PROBLEM DESCRIPTION: Look through the data below and say how many of its lines contain "acrylic", adding nothing else.

##### RECORDED DATA

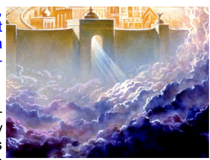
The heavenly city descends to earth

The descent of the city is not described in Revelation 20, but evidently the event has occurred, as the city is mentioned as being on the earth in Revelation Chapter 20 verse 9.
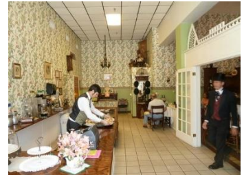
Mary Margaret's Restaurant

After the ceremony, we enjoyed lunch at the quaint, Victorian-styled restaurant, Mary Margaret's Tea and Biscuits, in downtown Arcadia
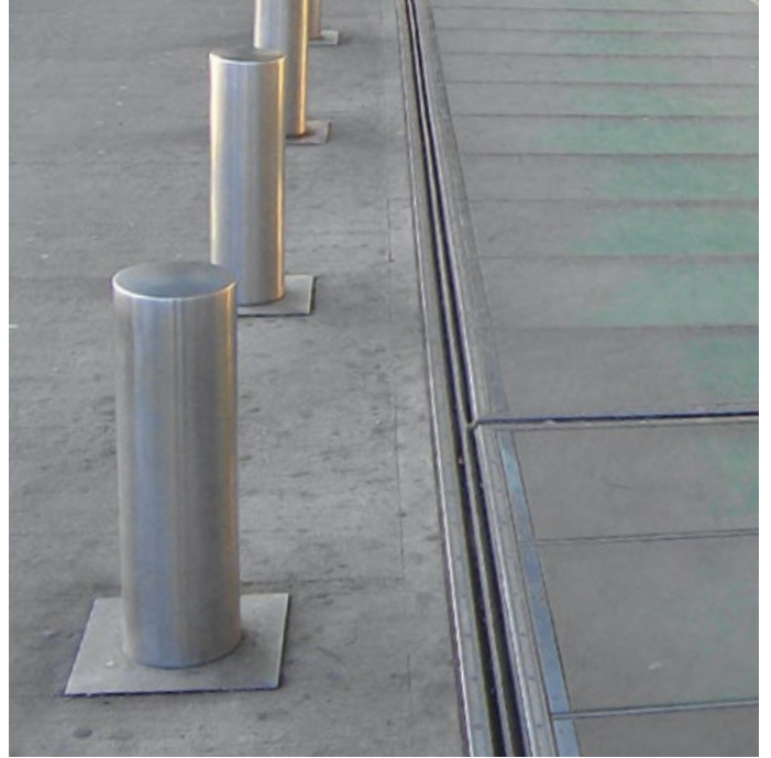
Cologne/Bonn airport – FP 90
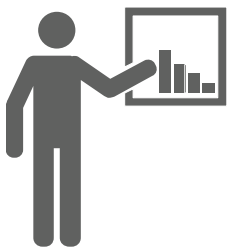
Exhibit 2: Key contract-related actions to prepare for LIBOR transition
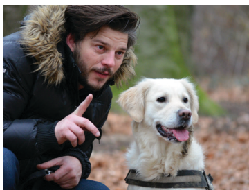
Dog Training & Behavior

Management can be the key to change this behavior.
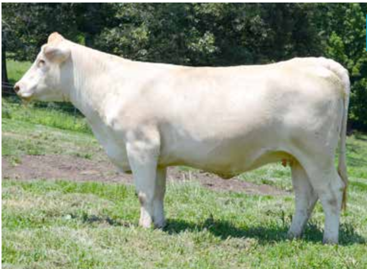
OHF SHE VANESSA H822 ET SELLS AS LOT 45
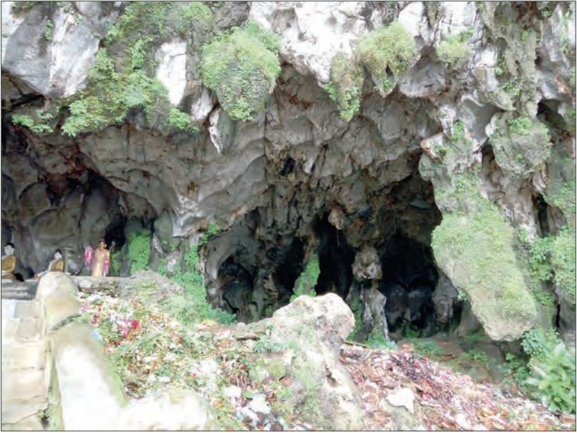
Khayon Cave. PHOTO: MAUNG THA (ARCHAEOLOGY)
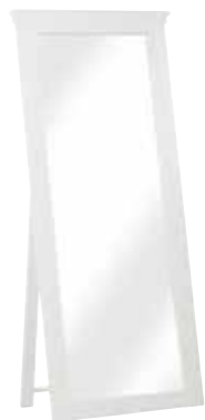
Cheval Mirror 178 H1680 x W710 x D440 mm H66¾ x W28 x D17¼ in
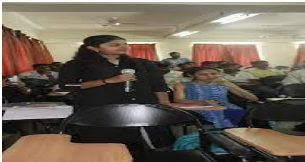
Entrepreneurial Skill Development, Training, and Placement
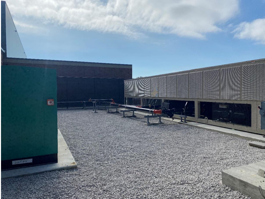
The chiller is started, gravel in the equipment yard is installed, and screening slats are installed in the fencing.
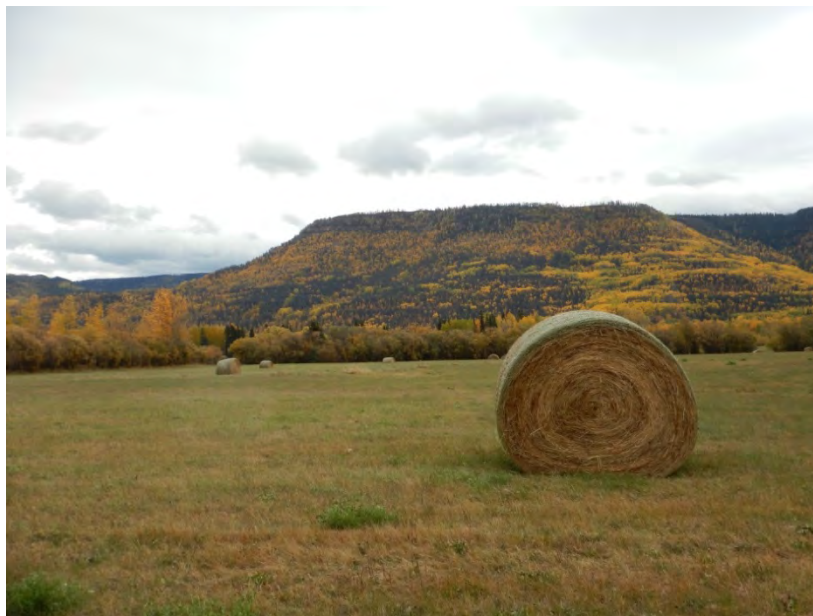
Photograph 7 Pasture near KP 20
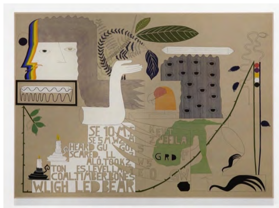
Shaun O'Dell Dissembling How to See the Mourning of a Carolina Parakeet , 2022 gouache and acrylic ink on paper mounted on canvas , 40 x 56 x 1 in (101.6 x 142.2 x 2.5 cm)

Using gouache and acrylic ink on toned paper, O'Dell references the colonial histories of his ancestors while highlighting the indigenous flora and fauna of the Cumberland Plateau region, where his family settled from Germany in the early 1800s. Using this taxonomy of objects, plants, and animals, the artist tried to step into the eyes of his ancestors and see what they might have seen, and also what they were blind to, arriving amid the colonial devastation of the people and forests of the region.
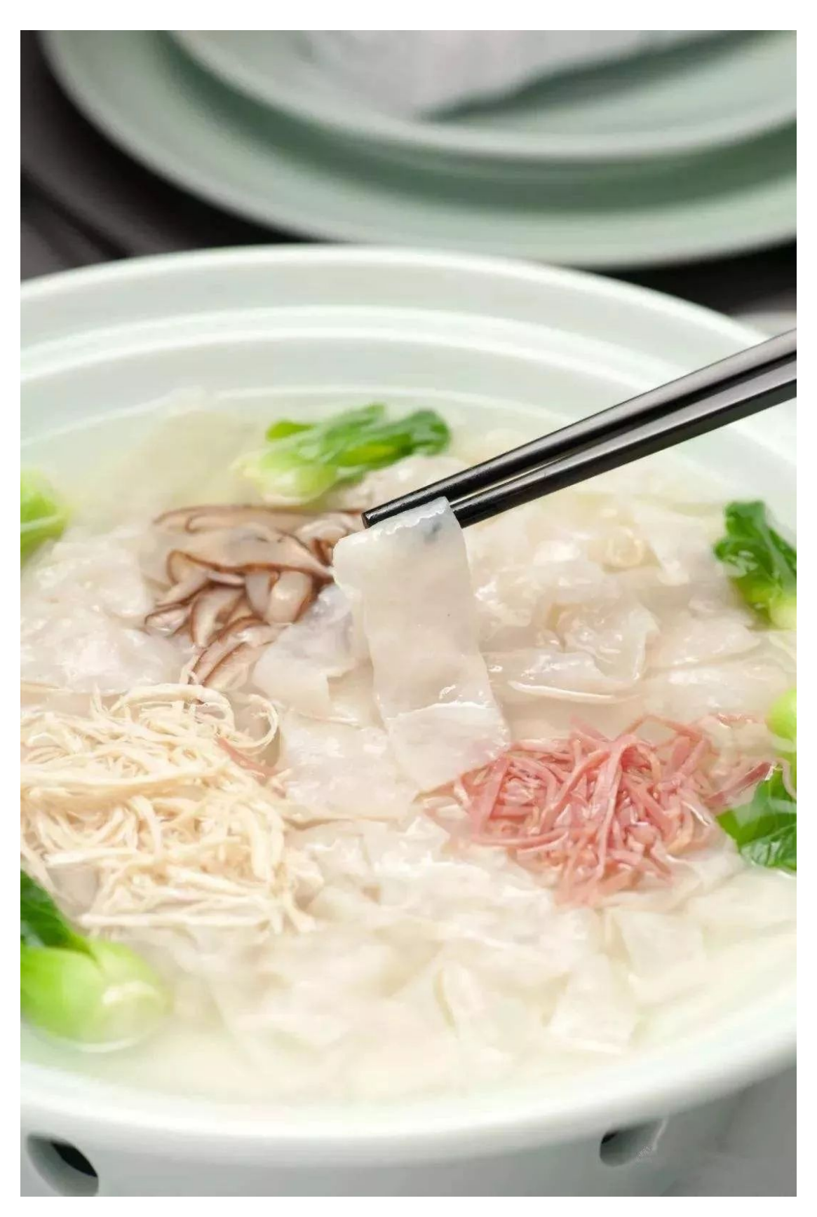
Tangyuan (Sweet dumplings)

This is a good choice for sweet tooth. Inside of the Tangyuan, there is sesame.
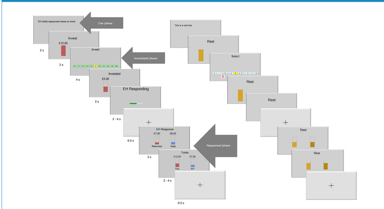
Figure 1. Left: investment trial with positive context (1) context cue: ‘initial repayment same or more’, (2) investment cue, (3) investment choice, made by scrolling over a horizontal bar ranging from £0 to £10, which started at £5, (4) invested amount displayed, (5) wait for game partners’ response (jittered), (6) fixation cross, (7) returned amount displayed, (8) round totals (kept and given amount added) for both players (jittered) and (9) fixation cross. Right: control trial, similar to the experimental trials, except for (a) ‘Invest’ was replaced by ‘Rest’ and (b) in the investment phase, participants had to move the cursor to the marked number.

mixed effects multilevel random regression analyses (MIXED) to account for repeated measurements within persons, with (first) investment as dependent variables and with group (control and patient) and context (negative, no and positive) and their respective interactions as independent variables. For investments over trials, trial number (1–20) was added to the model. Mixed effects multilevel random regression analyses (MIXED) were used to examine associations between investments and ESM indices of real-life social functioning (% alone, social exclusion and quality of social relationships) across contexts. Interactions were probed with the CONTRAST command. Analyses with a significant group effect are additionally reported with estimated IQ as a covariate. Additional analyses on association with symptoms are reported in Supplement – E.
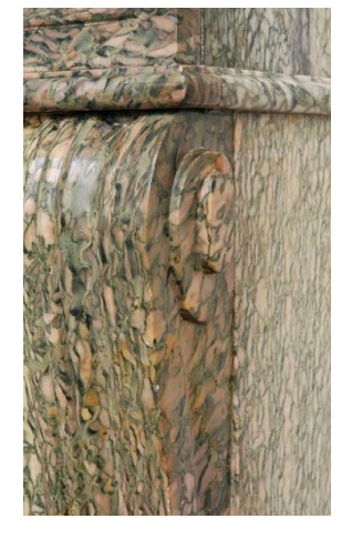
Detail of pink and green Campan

##########
##### RECORDED DATA

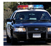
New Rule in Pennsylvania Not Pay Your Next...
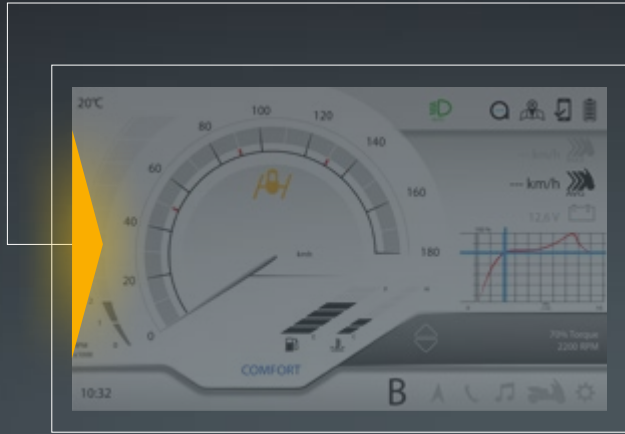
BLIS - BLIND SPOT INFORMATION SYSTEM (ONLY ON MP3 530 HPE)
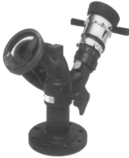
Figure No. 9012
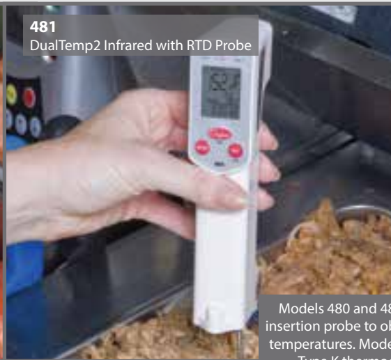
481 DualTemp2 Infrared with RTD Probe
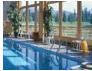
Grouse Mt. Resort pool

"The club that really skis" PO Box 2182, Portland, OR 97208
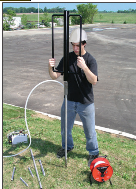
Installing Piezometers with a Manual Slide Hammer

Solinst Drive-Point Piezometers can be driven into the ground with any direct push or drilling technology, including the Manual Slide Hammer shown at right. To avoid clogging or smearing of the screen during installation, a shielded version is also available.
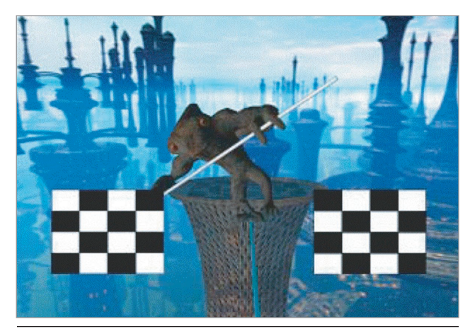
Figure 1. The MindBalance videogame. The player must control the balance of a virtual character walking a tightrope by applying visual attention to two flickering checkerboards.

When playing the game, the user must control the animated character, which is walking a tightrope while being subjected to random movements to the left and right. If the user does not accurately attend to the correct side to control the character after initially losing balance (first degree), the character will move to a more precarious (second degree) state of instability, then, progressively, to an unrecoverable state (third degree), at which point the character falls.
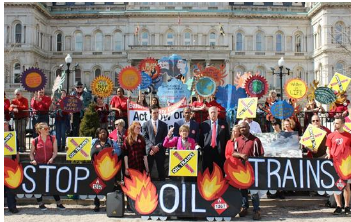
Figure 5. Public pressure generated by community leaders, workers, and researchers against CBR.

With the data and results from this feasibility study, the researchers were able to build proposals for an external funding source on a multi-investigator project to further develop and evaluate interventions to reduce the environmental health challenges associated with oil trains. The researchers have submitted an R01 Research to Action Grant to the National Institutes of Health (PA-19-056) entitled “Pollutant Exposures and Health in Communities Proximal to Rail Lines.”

##########

RESULT BELOW: 2